Last Updated on March 10, 2022 by Ria Pathak ### Introduction

The linked list is one of the most important concepts and data structures to learn while preparing for interviews. Having a good grasp of Linked Lists can be a huge plus point in a coding interview.

### Problem Statement

According to the problem statement, our task is to sort a linked list that is sorted alternating ascending and descending orders.

### Problem Statement Understanding

Let’s try to understand the problem statement with of an example by referring competitive programming online course.

We have been given a linked list which is sorted alternating ascending and descending orders. We can understand this statement with an example:

1 → 40 → 5 → 30 → 6 → 12 → 20 → NULL

• 1, 5, 6, 20 these nodes are present in the linked list in ascending order, and 40, 30, 12 are present in descending order in the linked list. These nodes are present in alternating positions in the linked list.
• Our task is to sort the linked list such that after sorting, the final sorted linked list will be:
1 → 5 → 6 → 12 → 20 → 30 → 40 → NULL

Now I think from the above example, the problem statement is clear. So let’s see how we will approach it.

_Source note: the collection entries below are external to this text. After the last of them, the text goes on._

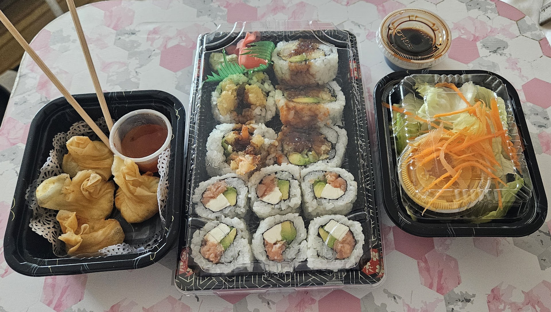 I had come here Saturday 6/15/2024 and in my mind I had it being as a huge restaurant. It's a small hole in the wall of a restaurant. The atmosphere is very nice and calm. There is seating with tables and just seating with chairs. A Vending machine and the sweetest people I have met. I do not live in the area and wanted sushi for my aunts birthday and highly enjoyed myself. The little kid who was 4 was an absolute pleasure. He was the sweetest and kept us company while we waited for our food. I enjoyed the food very much. The shrimp and cream cheese dumplings are small but absolutely delicious. I only like cooked sushi nothing raw and I ordered the Pilly which was the smoked salmon and cream cheese with avocado. I also ordered the cucumber and shrimp rolls and they were amazing. I never had seaweed salad before and it was delicious as well. My aunt pretty much ordered the same except she ordered eel on her sushi roll.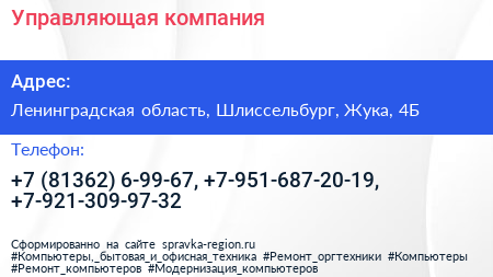 Управляющая компания по адресу Ленинградская область, Шлиссельбург, Жука, 4Б в дальнейшем Организация, размещена в следующих категориях: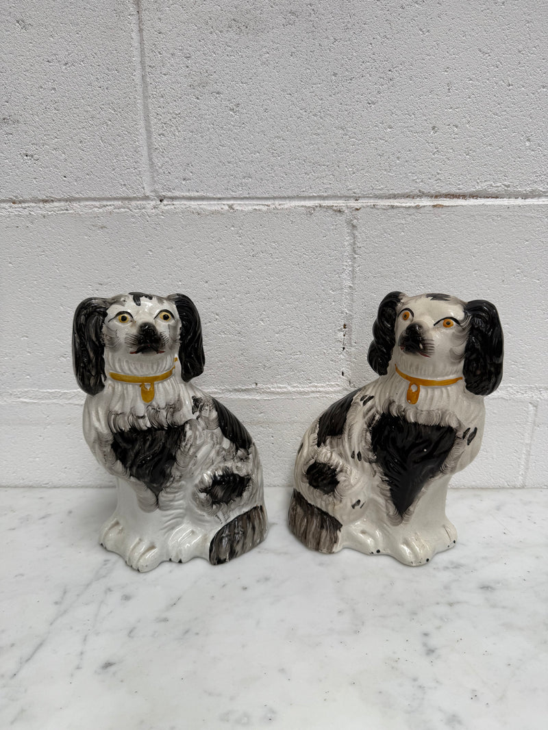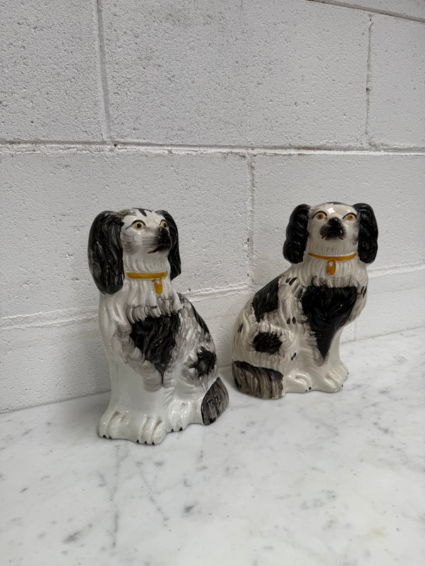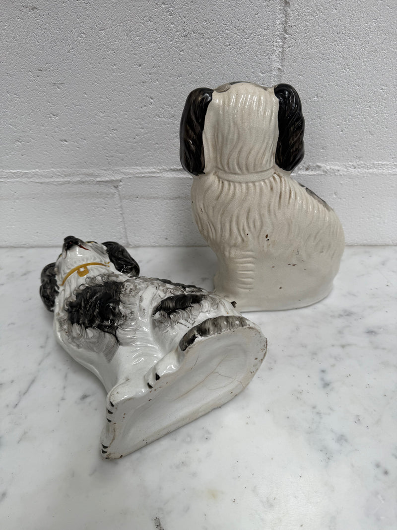 Lovely pair of Victorian mantle spaniels, earthenware black and white decoration. It is in good original condition with some signs of age. Please see photos as they form part of the description.

A straightforward approach is to sort the linked list using the merge sort algorithm, but the only problem is that here we are not utilizing the information given to us in the problem that the linked list is already sorted in alternating ascending and descending orders.

If we are using merge sort to sort the linked list the time complexity will be O(NlogN), so now we will try to think can we utilize the information given to us in the problem and will try to solve the problem in lower time complexity.

Before jumping to the approach, try to think how you can approach this problem. If stuck, no problem, we will thoroughly see how we can approach the problem in the next section.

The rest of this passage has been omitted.